El país vecino ya comenzó a buscar nuevos mercados proveedores, tal como hicieron los molineros brasileños el año pasado cuando adquirieron el grano en Canadá, Estados Unidos y Rusia.

Fuentes exportadoras argentinas dijeron que “en Abitrigo, que reúne a la molinería de Brasil, ya no se niega que el cereal producido en Francia también está en la mira de los importadores” brasileños.

Se dice que en Francia deslizan que existen fuertes posibilidades de exportarle trigo a Brasil, aunque aclaran que aún resta “poner a punto” detalles sanitarios.

Más allá de la conflictiva relación que tienen los gobiernos nacional y provincial con el campo, muchos son los analistas que apuntan al intervencionismo del Estado, que llevó a una disparidad de precios con las cotizaciones internacionales y contribuyó a que se derrumbara la siembra.

Con esta situación, no sólo se ven afectadas las exportaciones. El Gobierno, que recauda por retenciones a la exportación, también sentirá el golpe. Según los especialistas, el Estado, que en 2007/2008 percibió 770 millones de dólares por las retenciones al trigo, en 2010 pasará a cobrar sólo 72 millones. La administración kirchnerista verá mermado en diez veces su ingreso.

La situación en la Provincia

En ese marco, el vicepresidente de la Confederación de Asociaciones Rurales de Buenos Aires y La Pampa (Carbap), Jorge Srodek, expresó su parecer en cuanto a los números registrados.

“La provincia de Buenos Aires concentra el 70 por ciento de la producción nacional de trigo, pero parece ser que al gobernador (Daniel) Scioli no le interesa el sudoeste de su Provincia, porque poco o nada hizo para revertir esta situación”, dijo el dirigente en declaraciones radiales.
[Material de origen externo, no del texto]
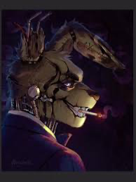 Intro. A mafia leader robotic rabbit, Springtrap is harsh but becomes clingy, leading a group of six phantom animatronics.
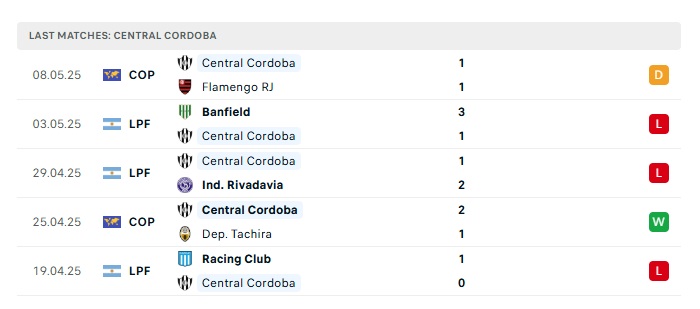 Phong độ gần đây Dep.Tachira vs Cordoba
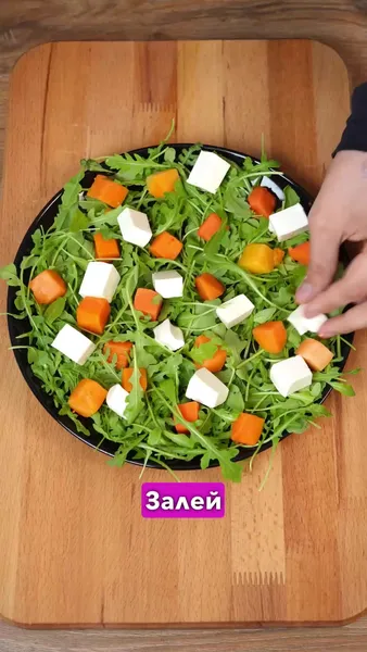 - Раскидайте поверх руколы вашу брынзу и запеченную тыкву, сверху полейте бальзамическим уксусом. Для дополнительного вкуса добавьте сверху семечки тыквы.
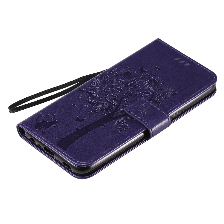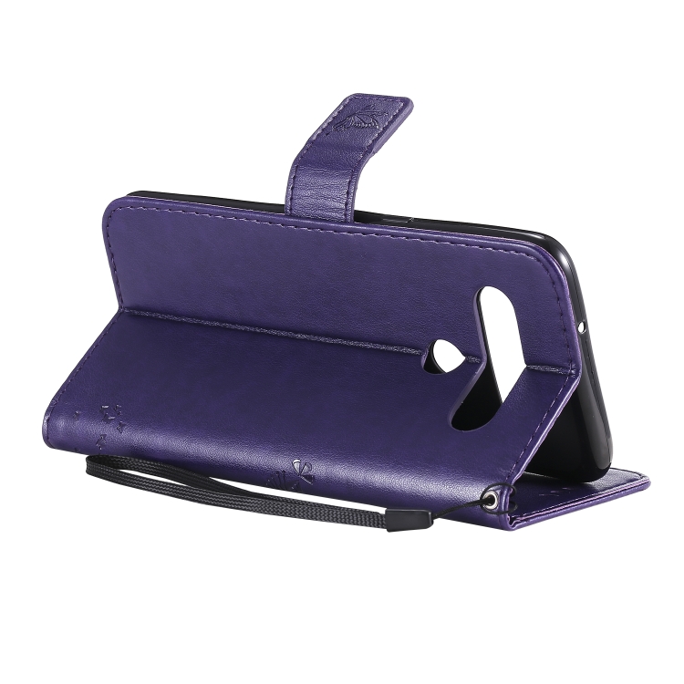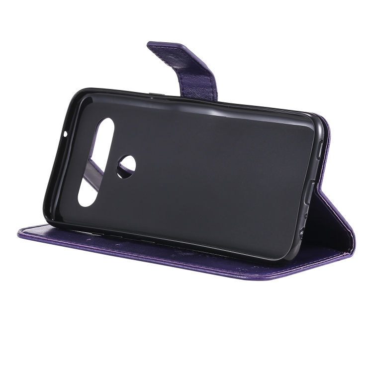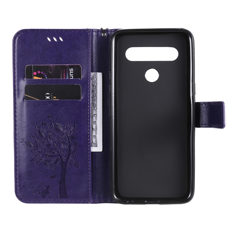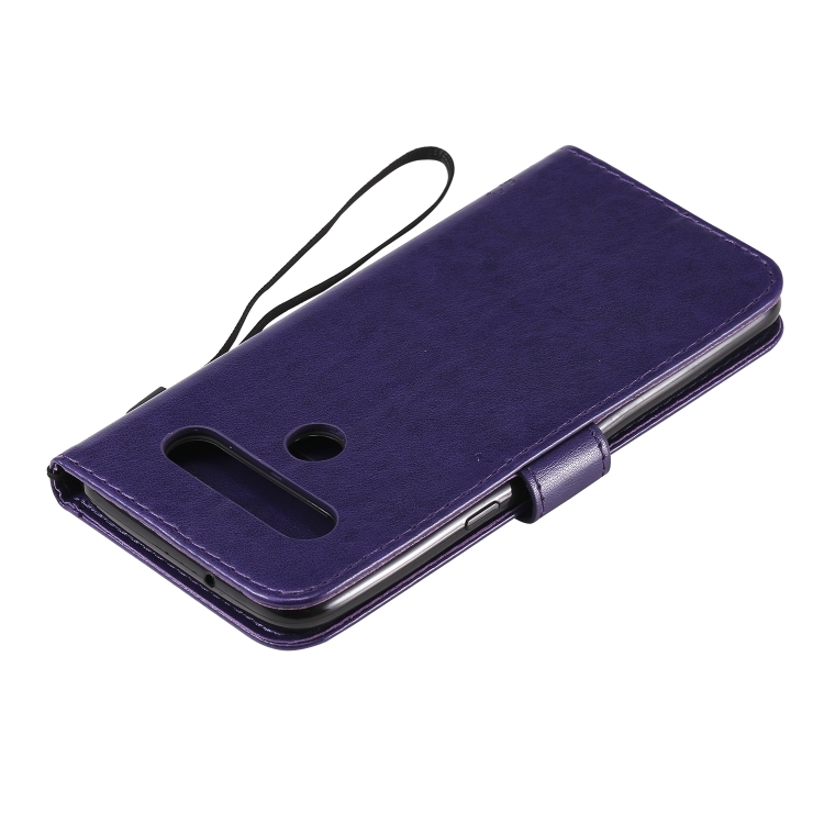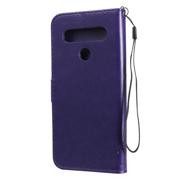 Funda de Cuero LG K61 con Tapa Horizontal, Soporte, Ranuras para Tarjetas, Billetera y Cordón (Púrpura)
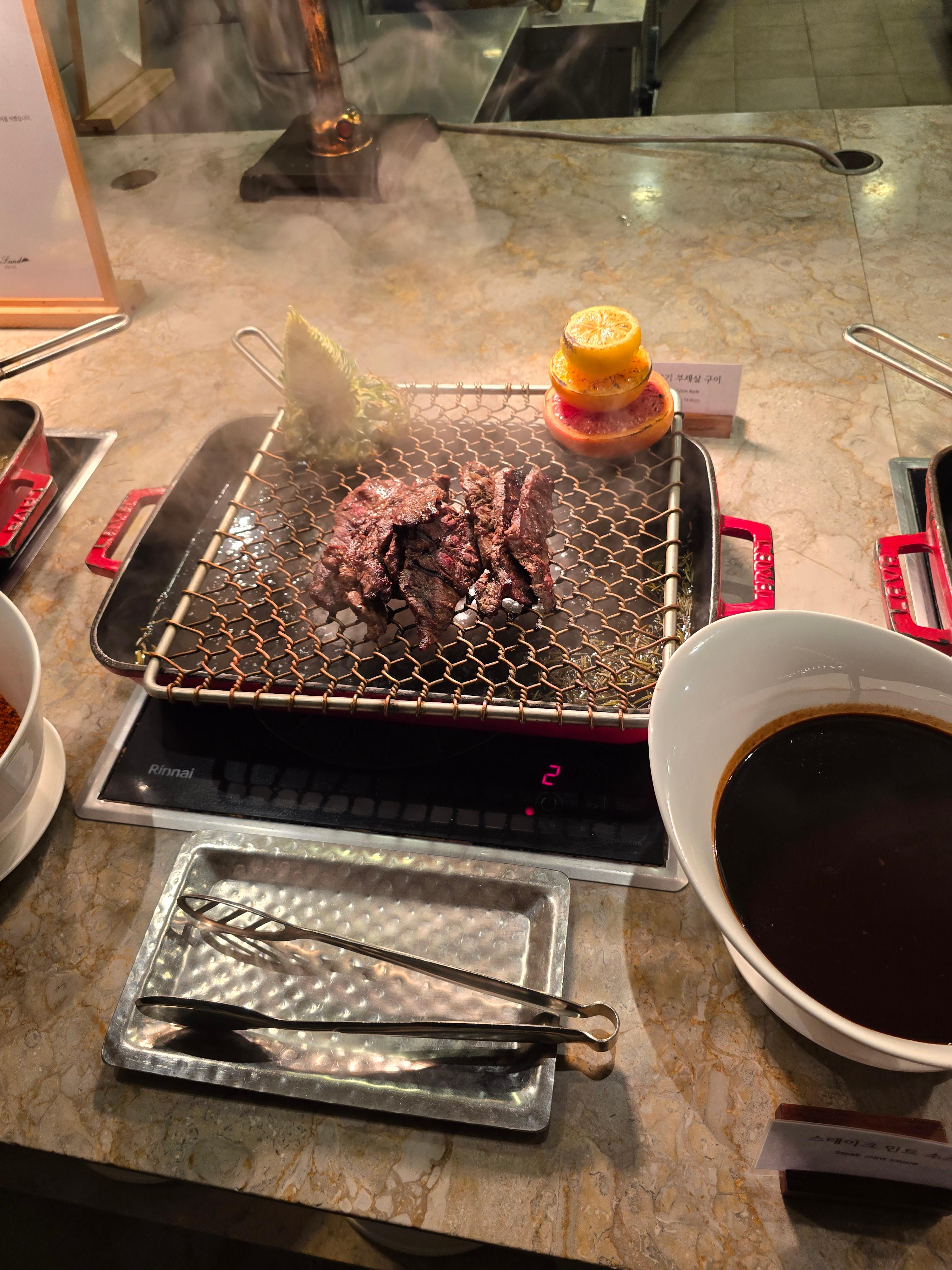 양갈비와 LA갈비, 부채살은 너무 바싹구워서 말라 있엇습니다

En ese plano, subrayó que “los productores ya no saben qué hacer”, y afirmó que “la situación en muchos lugares es desesperante”.

“La situación del trigo en la provincia de Buenos Aires es desastrosa. Estamos frente a la peor cosecha de los últimos 35 años, no hay casi saldo exportable y no hay precio para la exportación porque los mercados siguen intervenidos. Lo que ha ocurrido con el trigo es una vergüenza para el país”, afirmó Srodek a través de un comunicado.

Sin embargo, sostuvo que “mientras tanto, el gobernador se hace el distraído y, a dos semanas de asumir, el nuevo ministro de Agricultura de la Nación (Julián Domínguez) no ha hecho más que empeorar los ánimos con sus declaraciones”.